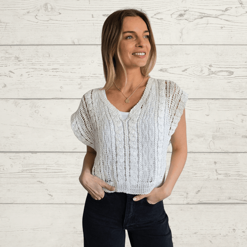 Sweater sin mangas tejido crochet, color Blanco
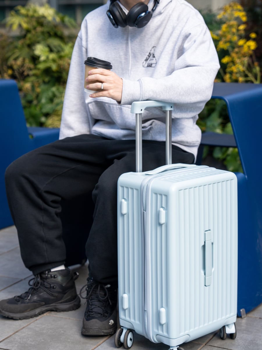 【トランク型スーツケース】 従来の半分ずつの収納ではなく、革新的な3:7型デザインを採用。深めの収納スペースと、通常のスーツケースでは収まりきらない荷物を立てて収納できるので、旅行の荷物整理がスッキリと完了します。もう片方には細かい小物や日用品を収納でき、乾湿分離のデザインでより衛生的に収納可能。荷物の出し入れが非常に便利で、整理整頓が簡単です。 【多機能・カップホルダー&フック付き台座】 スーツケースの裏面には、折り畳み式カップホルダーが搭載されており、テイクアウトした飲み物や折り畳み傘などを手軽に置くことができます。さらに、横にした際に使える台座にはフックが付いており、コンビニで買ったものやちょっとした荷物をかけるのに便利。両手が自由になるので、旅行中の負担を軽減し、より快適な旅をサポートします。 【PC+ABS樹脂素材使用】 高強度で耐衝撃性に優れ、軽量ながら衝撃から荷物をしっかり守る。耐久性とデザイン性を兼ね備えた丈夫なスーツケース。長期旅行にも安心してご使用いただけます。 【360度回転キャスター/静音&耐衝撃】 高弾性で衝撃吸収性に優れた静音キャスターを採用。360度自由に回転し、方向転換もスムーズ。混雑した場所や段差のある道でも快適に移動できます。 【多段階調節キャリーバー】 身長や使用シーンに合わせて、スムーズに高さ調節ができる多段階キャリーバーを採用。移動中もストレスなく、自分にぴったりの高さで快適に操作できます。 【世界標準「TSAロック」搭載】 アメリカをはじめとする世界30か国以上で導入されているTSAロックを採用。セキュリティ性が高く、海外旅行でも安心してご利用いただけます。ダイヤル式なので鍵の持ち歩きは不要。鍵を紛失する心配がなく、番号はお好きな暗証番号に自由に設定可能です。 ロックしたまま荷物を預けることができ、空港の税関検査もスムーズ。旅行中のストレスを軽減します。 ※鍵穴は空港職員が検査時に専用ツールで使用するためのもので、本製品に鍵は付属しておりません。 ※初期設定の暗証番号は「000」です。ご使用前に変更してください。 ※画像と実物のカラーにつきまして、全てスタジオ撮影素材を使用していますが、お客様のデバイスや設定によって見え方が異なる場合があり、イメージと若干異なる場合がございます。 ※サイズ表画像をご確認の上、ご注文ください。
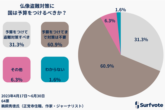 SNSとテクノロジーで社会課題の発見・解決をサポートするICTスタートアップのPolimill株式会社(ポリミル、本社:東京都港区、代表取締役:横田えり、以下Polimill社)は、Surfvoteオーサー鵜飼秀徳氏が提起したイシュー(課題)「仏像盗難対策に、国は予算をつけるべきか?」の投票結果をお知らせします。
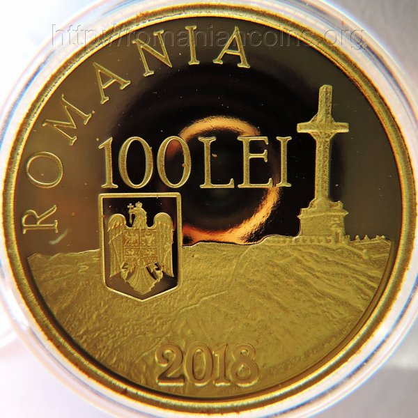 21 mm diametru, 6.452 g, aur 90%, margine cu zimți Avers: ROMANIA, valoarea nominală 100 LEI, stema României, anul 2018, o imagine a crucii de pe Caraiman de la Bușteni, cruce închinată eroilor noștri din Primul Război Mondial | Revers: intrarea regelui Ferdinand și a reginei Maria în București, anul 1918, inscripția 100 DE ANI DE LA INCHEIEREA PRIMULUI RAZBOI MONDIAL
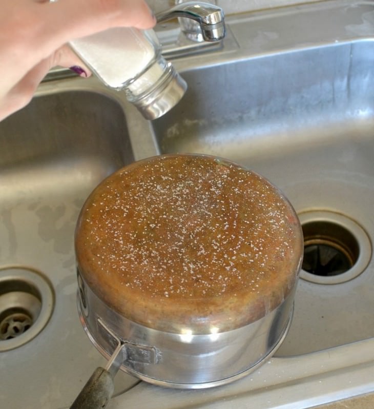 Для полировки и чистки медных кастрюль также можно использовать лимон. Если смешать ее с крупной солью, получится очень сильный домашний очиститель меди. Изготовлено из всех натуральных домашних средств.
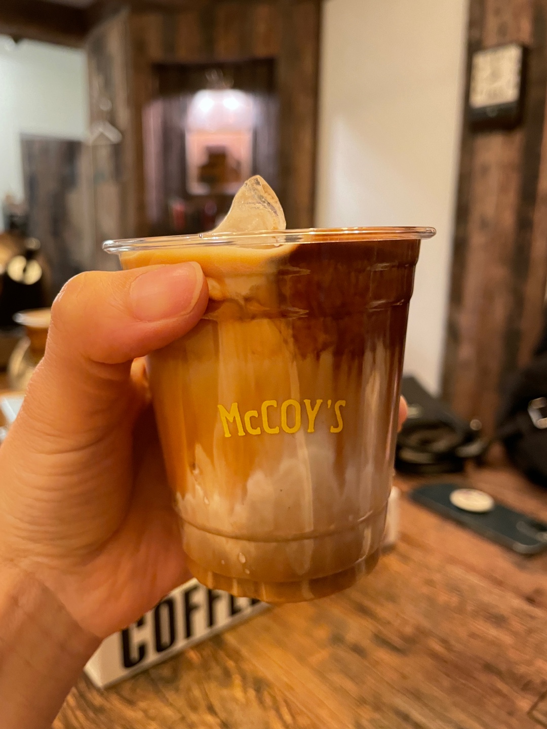 시그니처인 맥코이 커피를 주문했다. 사이즈는 스타벅스의 더블샷 라테와 비슷한 사이즈였고 총 3개의 층으로 한 잔이 완성된다. 1층부터 우유, 에스프레소, 크림. 특히 제일 위층 크림이 달달한 카랴멜 향과 맛이어서 식후에 먹기 안성맞춤이었다. 커피는 약간 산미가 느껴졌지만 라테 유형의 맥코이 커피이기 때문에 부드러운 커피와 아주 잘 어울렸다. 맥코이 커피는 시그니처라 할만하다.
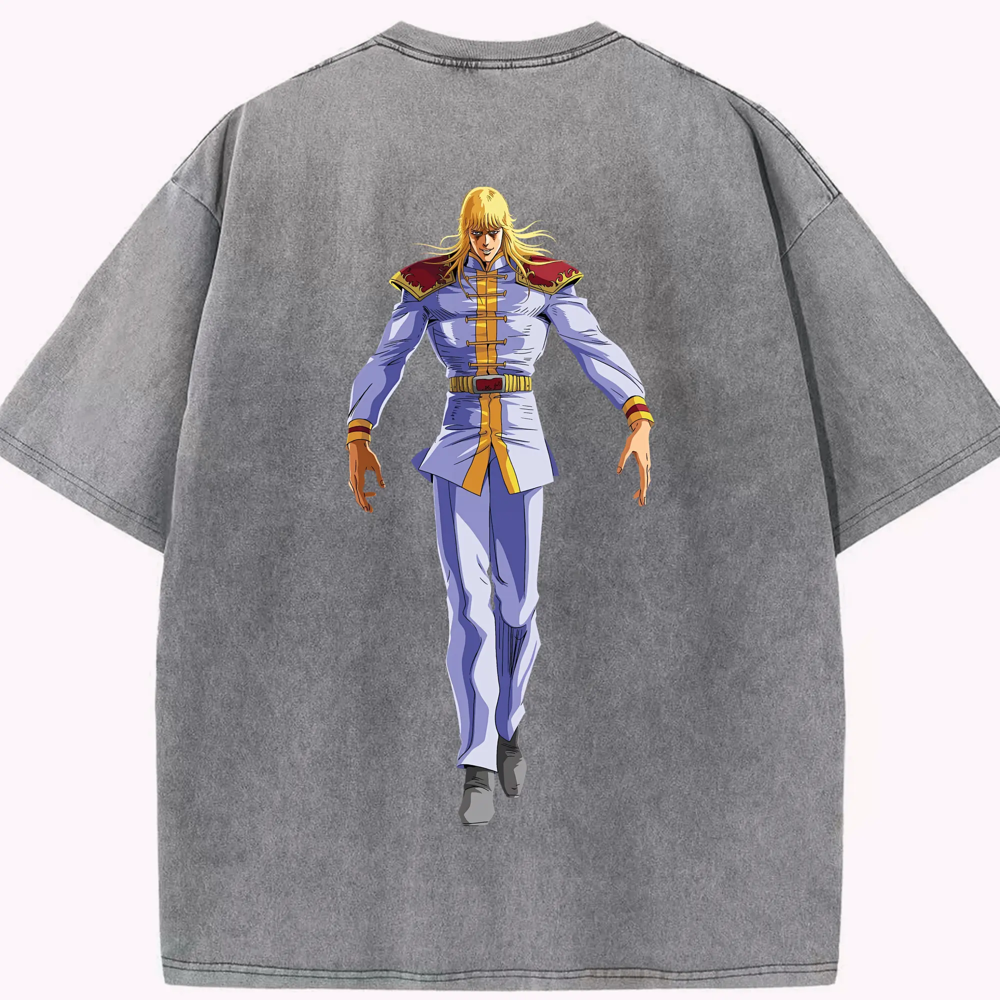 北斗の拳 グッズ,シン - 綿100% ヴィンテージ風 半袖Tシャツ ・ フロントプリント ・ 柔らか肌触り ・ 通気性 快適 ・ スポーツ カジュアル 外出用
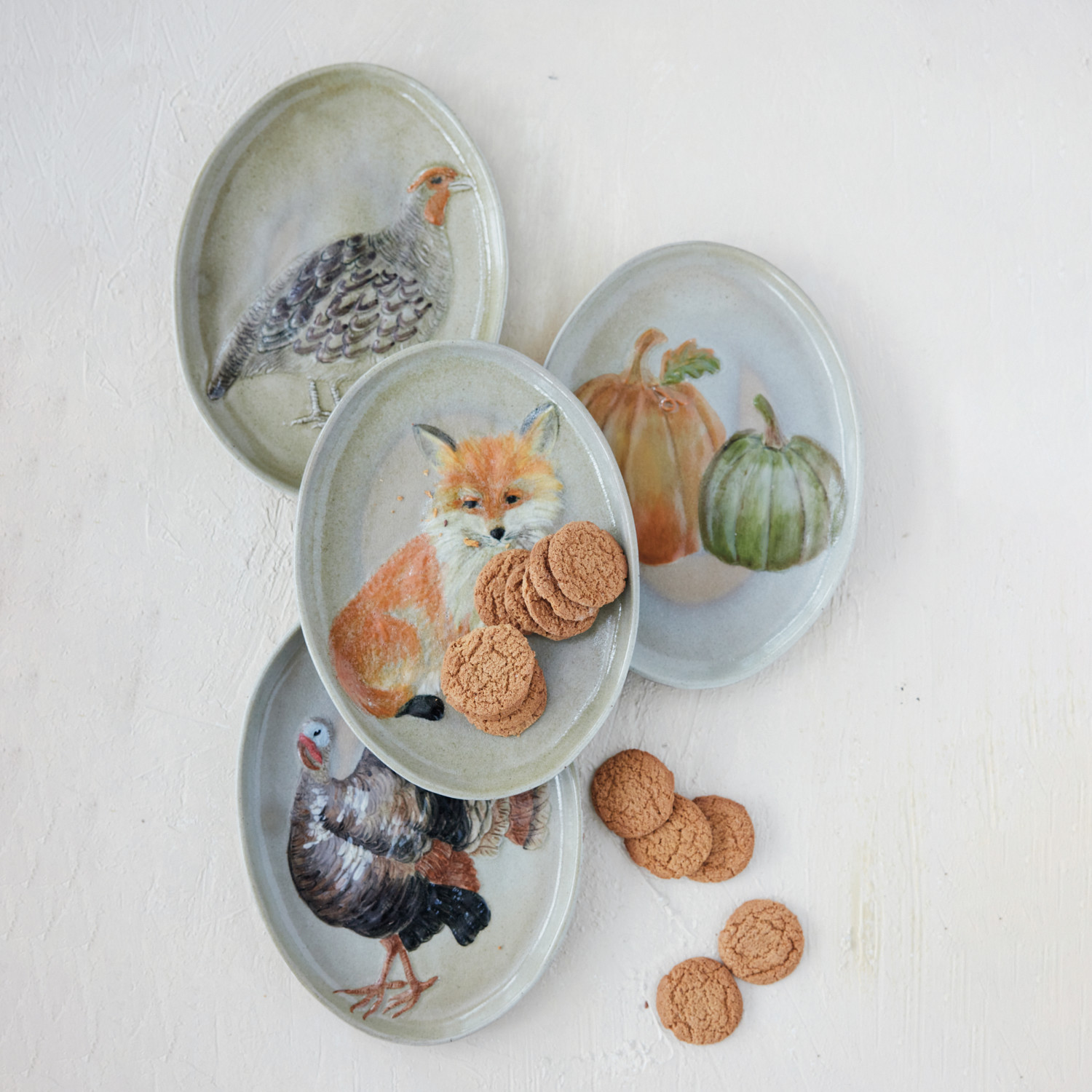 Hand-Painted Stoneware Platter with Animal/Pumpkins, 4 Styles (Each One Will Vary)

# # # # # # #

§ **EXERCISE GOAL**
Give back exactly the lines above that run from the one with "SNSとテクノロジーで社会課" to the one with "21 mm diametru, 6.452", including both, with the pictures left out.

§ **YOUR SOLUTION**
 SNSとテクノロジーで社会課題の発見・解決をサポートするICTスタートアップのPolimill株式会社(ポリミル、本社:東京都港区、代表取締役:横田えり、以下Polimill社)は、Surfvoteオーサー鵜飼秀徳氏が提起したイシュー(課題)「仏像盗難対策に、国は予算をつけるべきか?」の投票結果をお知らせします。
 21 mm diametru, 6.452 g, aur 90%, margine cu zimți Avers: ROMANIA, valoarea nominală 100 LEI, stema României, anul 2018, o imagine a crucii de pe Caraiman de la Bușteni, cruce închinată eroilor noștri din Primul Război Mondial | Revers: intrarea regelui Ferdinand și a reginei Maria în București, anul 1918, inscripția 100 DE ANI DE LA INCHEIEREA PRIMULUI RAZBOI MONDIAL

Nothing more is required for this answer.